Certainly, the national momentum behind sexual assault education has been helpful for SASA. But national attention hasn’t been helpful for every group, since conversations about fossil fuel divestment and race relations have been prominent on other college campuses, as well.
This year, we’ve seen the Ferguson Coalition struggle to convince the University that their goals should be addressed. Although they’ve been given a seat at the table during the search process for the new chief of the University Police Department, they haven’t made much progress otherwise. That’s largely because we’ve seen no significant pattern of police violence against minorities on campus – so no one has paid them much attention outside of their widely-publicized die-in.
In addition, student groups should be careful not to antagonize officials with attention-grabbing displays that have little substance. As student advocacy ramps up on GW’s campus, students would do well to remember that intrusive demonstrations tend to annoy universities, rather than motivate them to act.
Sure, SASA has had its public spectacles, like their recent march to Rice Hall with mattresses on their backs. But they’ve been careful to balance those public spectacles with mature, substantive conversations with administrators. In return, GW has taken those conversations seriously.
Some other student organizations haven’t been quite as successful and run the risk of being brushed off by the University.
Obviously, none of this should keep student organizations from advocating on behalf of students. Just because a fight isn’t easy to win doesn’t mean it isn’t worth fighting – and it’s impressive and admirable that so many student groups have made their voices heard.

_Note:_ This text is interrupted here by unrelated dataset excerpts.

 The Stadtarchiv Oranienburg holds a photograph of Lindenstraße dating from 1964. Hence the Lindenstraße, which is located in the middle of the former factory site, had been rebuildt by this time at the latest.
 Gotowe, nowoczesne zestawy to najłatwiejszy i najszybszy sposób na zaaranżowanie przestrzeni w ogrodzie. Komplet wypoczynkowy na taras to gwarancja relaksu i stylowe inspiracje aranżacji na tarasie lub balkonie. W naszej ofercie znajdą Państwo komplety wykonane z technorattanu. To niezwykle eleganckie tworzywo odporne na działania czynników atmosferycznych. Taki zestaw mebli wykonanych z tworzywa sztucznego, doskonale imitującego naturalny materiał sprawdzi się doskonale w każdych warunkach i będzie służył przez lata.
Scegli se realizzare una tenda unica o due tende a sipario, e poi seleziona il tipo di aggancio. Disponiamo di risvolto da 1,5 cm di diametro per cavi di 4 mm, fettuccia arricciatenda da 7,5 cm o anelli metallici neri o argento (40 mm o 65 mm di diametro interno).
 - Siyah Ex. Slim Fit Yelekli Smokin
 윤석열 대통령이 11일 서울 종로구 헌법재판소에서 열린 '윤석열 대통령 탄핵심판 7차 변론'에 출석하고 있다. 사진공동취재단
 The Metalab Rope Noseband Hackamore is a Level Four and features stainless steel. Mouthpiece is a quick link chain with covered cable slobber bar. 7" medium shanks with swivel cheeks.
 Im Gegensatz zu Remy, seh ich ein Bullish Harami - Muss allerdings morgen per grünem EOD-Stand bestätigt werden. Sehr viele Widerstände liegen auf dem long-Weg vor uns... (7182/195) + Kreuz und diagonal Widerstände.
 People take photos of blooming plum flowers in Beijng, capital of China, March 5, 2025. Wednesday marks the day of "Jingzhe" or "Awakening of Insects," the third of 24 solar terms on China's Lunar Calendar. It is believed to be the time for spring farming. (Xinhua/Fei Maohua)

But if we’ve learned anything this year, it’s that some student advocacy battles will be better fought than others.
The editorial board is composed of Hatchet staff members and operates separately from the newsroom. This week’s piece was written by opinions editor Robin Jones Kerr and contributing opinions editor Sarah Blugis, based on discussions with managing director Justin Peligri, sports editor Nora Princiotti, copy editor Rachel Smilan-Goldstein and design assistant Samantha LaFrance.